Collected data:
..............................
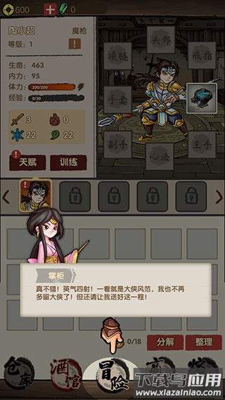 踏入这片刀光剑影的江湖世界,你将开启一场轻松悠闲的武侠之旅。游戏采用挂机放置的玩法模式,让你在忙碌之余也能稳步成长。你可以自由选择心仪的侠客角色,一路闯关击败各路强敌,同时不断强化自身武学修为。若你钟情于此类武侠题材的放置游戏,不妨亲自体验一番。
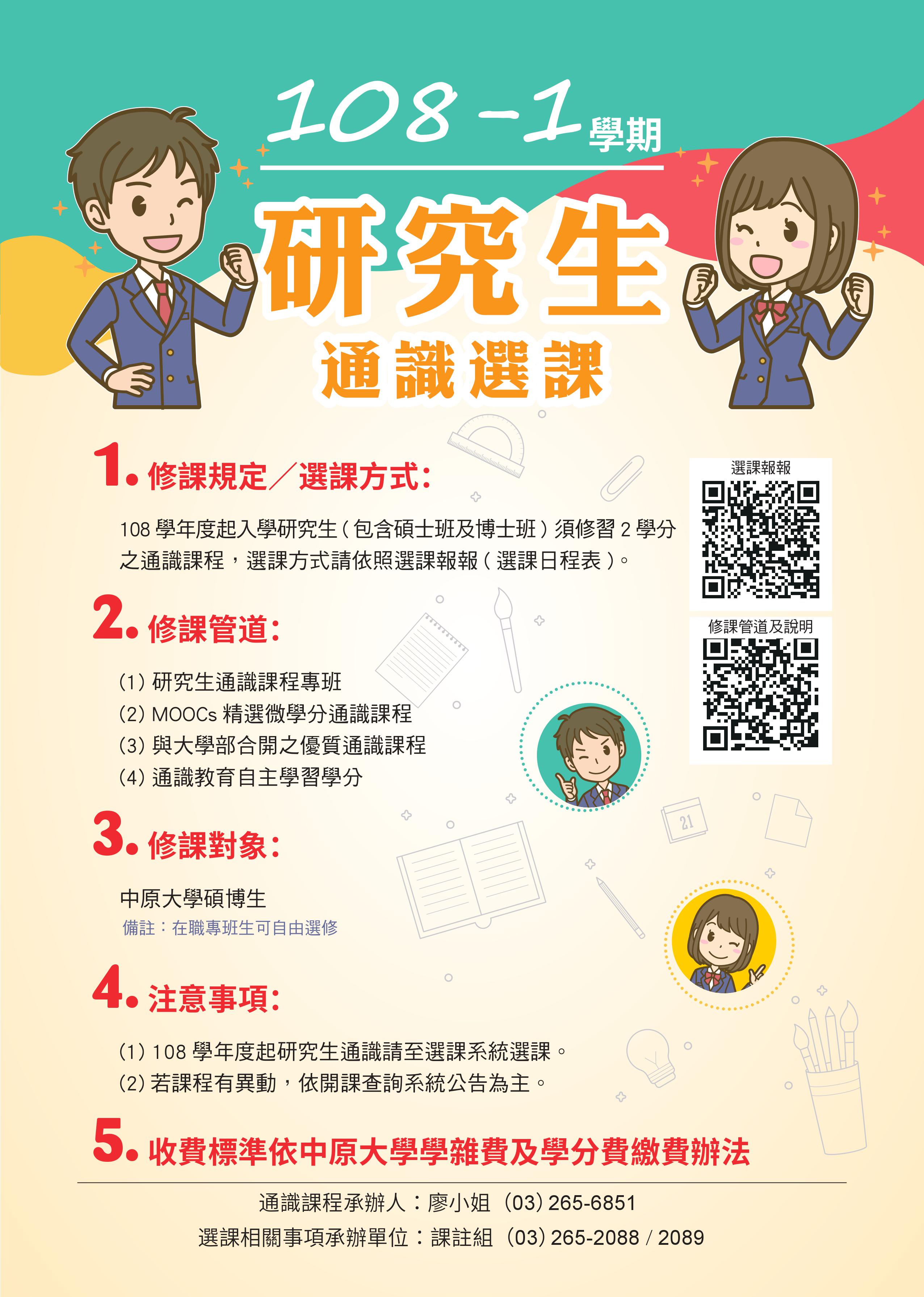 108學年度第一學期 – 研究生通識選課 108學年度起入學之碩士班及博士班學生,須修習2學分之通識課程始符合畢業標準 劉 育彣2019-08-12T15:40:31+08:00 Share This Post, Choose Your Platform! FacebookTwitterLinkedInGoogle+TumblrPinterest
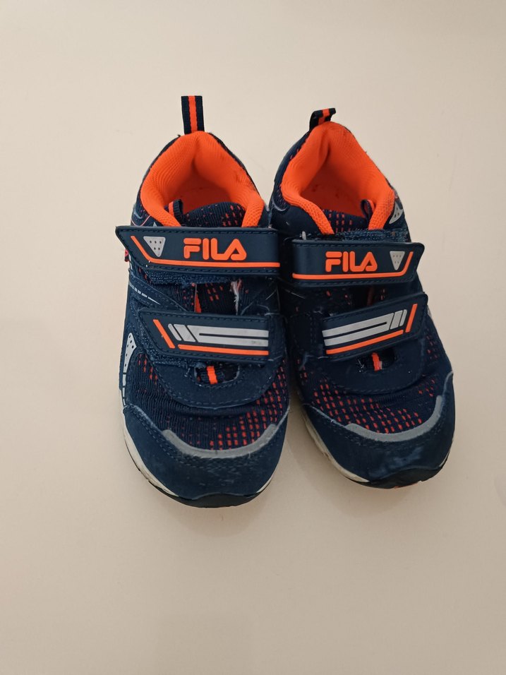 FILA marka, mavi renk, renkli baskılı, velcro bantlı, erkek çocuk spor ayakkabısı.
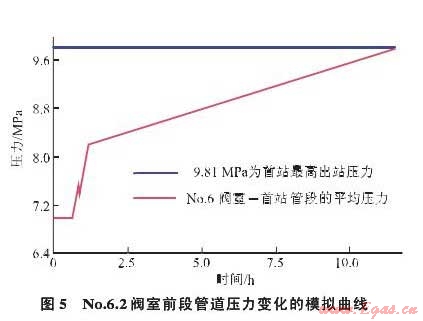 根據(jù)No.6.2閥室前段管道平均壓力8MPa和中烏管道首站進(jìn)口流量600萬m3/h的工況進(jìn)行模擬計(jì)算,在首站壓縮機(jī)組不停機(jī)的情況下,No.6.2閥室關(guān)閉約6h后,該閥室上游管道平均壓力達(dá)到9MPa;約11h后,該閥室上游管道平均壓力達(dá)到9.8MP(a圖5)經(jīng)過計(jì)算得出,約9h后,首站壓縮機(jī)組因出口壓力達(dá)到9.8MPa而停機(jī),進(jìn)而使阿姆河氣田外輸站壓縮機(jī)組停機(jī),影響上游的正常運(yùn)行。為了安全起見,可以按No.6.2閥室上游管道平均壓力達(dá)到9MPa時(shí)的6h作為平壓作業(yè)的實(shí)施時(shí)間。
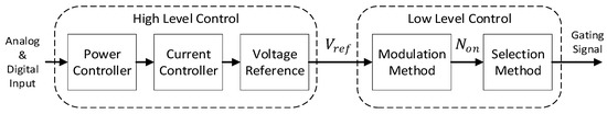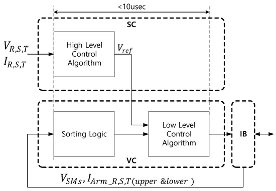 To determine the power transmission capacity of a MMC-HVDC system, the number of SMs and the control period must be determined first. The number of SMs is determined by the DC transmission capacity and the capacitor capacity of a SM. The control period should be designed so that the voltage level obtained by the voltage references can be changed by one level per cycle. In addition, it should be designed so that both the high-level control and low-level control can be operated within a control period, as shown in Figure 4.
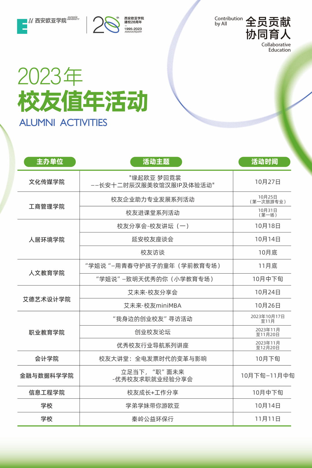 学校校友主题活动+各二级分院校友活动
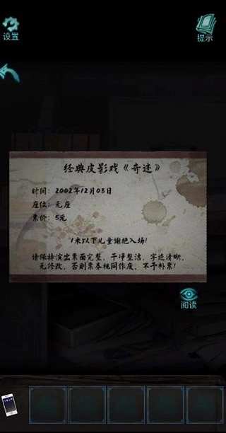 3、接着我们前往走廊东边进行调查,留意到地上有新鲜的脚印,似乎有人刚刚进入。然而,门是锁着的。进入房间后,我们发现了【经典皮影戏《奇迹》】的门票以及一台老式游戏机。
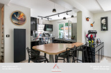 En entrant, vous découvrirez une grande pièce de vie de 36 m², décorée avec modernité, dans un style épuré et actuel. L’espace est ouvert sur la cuisine (16 m²), elle aussi entièrement équipée.
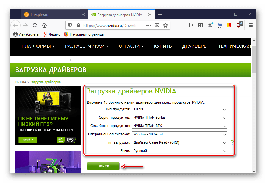 Видеодрайверы для дискретной графической платы загружаем с официального сайта ее производителя. Если они уже установлены, но система все равно не видит устройство, сделайте чистую установку с удалением старого ПО, например, с помощью утилиты DDU. О способах обновления драйверов видеокарты и удаления уже установленных мы подробно писали в отдельных статьях.
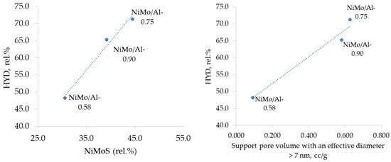 The aromatics hydrogenation rate ranged from 48.2% for NiMo/Al-0.58 to 71.3% for NiMo/Al-0.75. The sample NiMo/Al-0.75 also demonstrated the highest specific aromatics hydrogenation rate of 2.31%/mmol Mo. The variation in the specific aromatics hydrogenation rate correlates with the content of the NiMoS phase, as shown in Figure 6. The described variations in the active phase morphology and composition lead to the presence of an observable dependence between HYD activity and the support volume of pores with a diameter larger than 7 nm, as also shown in Figure 6.
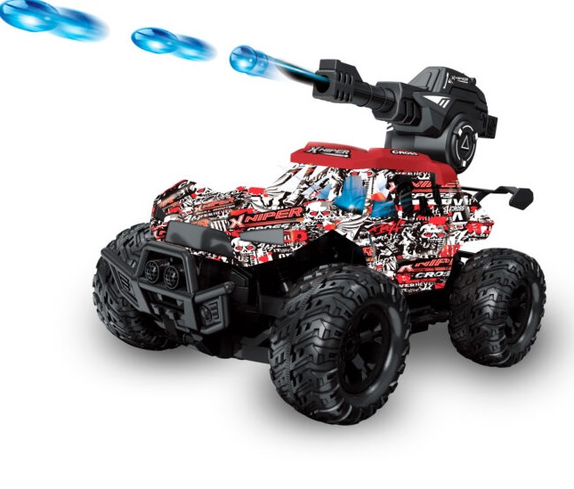 Conteúdo da embalagem: 1 carro com lançador, 1 controle remoto, 500 bolinhas de gel, 1 Bateria 3,7V Recarregável, 1 cabo USB para recarga
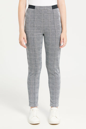 بنطال ضيق منقوش باللونين الأبيض والأسود للفتيات الكبيرات
..............................
Work to complete:
From the data above, retype only the lines starting with the line with "108學年度第一學期 – 研究生通識選課" and going on through the line with "FILA marka, mavi", exactly, leaving out the pictures.

The answer:
 108學年度第一學期 – 研究生通識選課 108學年度起入學之碩士班及博士班學生,須修習2學分之通識課程始符合畢業標準 劉 育彣2019-08-12T15:40:31+08:00 Share This Post, Choose Your Platform! FacebookTwitterLinkedInGoogle+TumblrPinterest
 FILA marka, mavi renk, renkli baskılı, velcro bantlı, erkek çocuk spor ayakkabısı.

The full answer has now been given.